-- WHAT YOU NEED TO DO --
Repeat precisely the span of lines below that opens with the line containing "Michael Kors Sady" and closes with the line containing "A mixed set", both included.

-- RECORDS SUPPLIED --
---------------

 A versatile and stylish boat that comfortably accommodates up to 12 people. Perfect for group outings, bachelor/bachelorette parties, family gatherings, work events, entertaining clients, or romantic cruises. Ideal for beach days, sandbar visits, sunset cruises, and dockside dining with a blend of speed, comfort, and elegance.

---------------

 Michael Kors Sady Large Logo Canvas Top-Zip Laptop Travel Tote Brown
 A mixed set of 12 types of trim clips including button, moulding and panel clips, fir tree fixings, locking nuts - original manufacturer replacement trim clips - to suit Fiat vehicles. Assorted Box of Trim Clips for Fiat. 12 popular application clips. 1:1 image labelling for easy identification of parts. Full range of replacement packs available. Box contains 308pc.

---------------

-- EXERCISE RESULT --
 Michael Kors Sady Large Logo Canvas Top-Zip Laptop Travel Tote Brown
 A mixed set of 12 types of trim clips including button, moulding and panel clips, fir tree fixings, locking nuts - original manufacturer replacement trim clips - to suit Fiat vehicles. Assorted Box of Trim Clips for Fiat. 12 popular application clips. 1:1 image labelling for easy identification of parts. Full range of replacement packs available. Box contains 308pc.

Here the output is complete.